Reliability Improvement and Effective Switching Layer Model of Thin‐Film MoS2 Memristors

Abstract 2D memristors have demonstrated attractive resistive switching characteristics recently but also suffer from the reliability issue, which limits practical applications. Previous efforts on 2D memristors have primarily focused on exploring new material systems, while damage from the metallization step remains a practical concern for the reliability of 2D memristors. Here, the impact of metallization conditions and the thickness of MoS 2 films on the reliability and other device metrics of MoS 2 ‐based memristors is carefully studied.
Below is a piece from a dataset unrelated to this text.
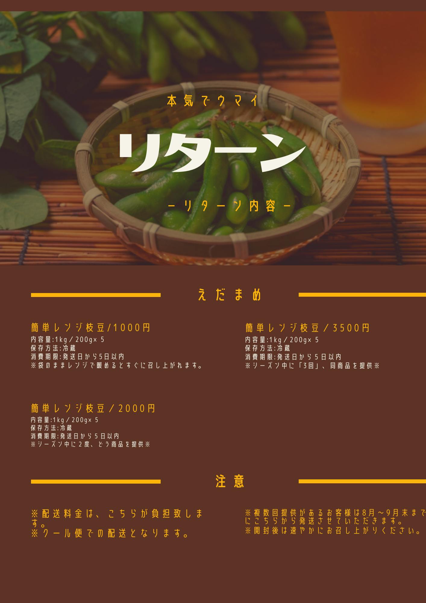 ご支援頂いた皆様にも、安心で、新鮮な枝豆を食べて頂いたい、そのために、全力でお届けしますので、ご協力お願い致します。

The statistical electrical measurements show that the reliability can be improved to 92% for yield and improved by ≈16× for average DC cycling endurance in the devices by reducing the top electrode (TE) deposition rate and increasing the thickness of MoS 2 films. Intriguing convergence of switching voltages and resistance ratio is revealed by the statistical analysis of experimental switching cycles. An “effective switching layer” model compatible with both monolayer and few‐layer MoS 2 , is proposed to understand the reliability improvement related to the optimization of fabrication configuration and the convergence of switching metrics. The Monte Carlo simulations help illustrate the underlying physics of endurance failure associated with cluster formation and provide additional insight into endurance improvement with device fabrication optimization.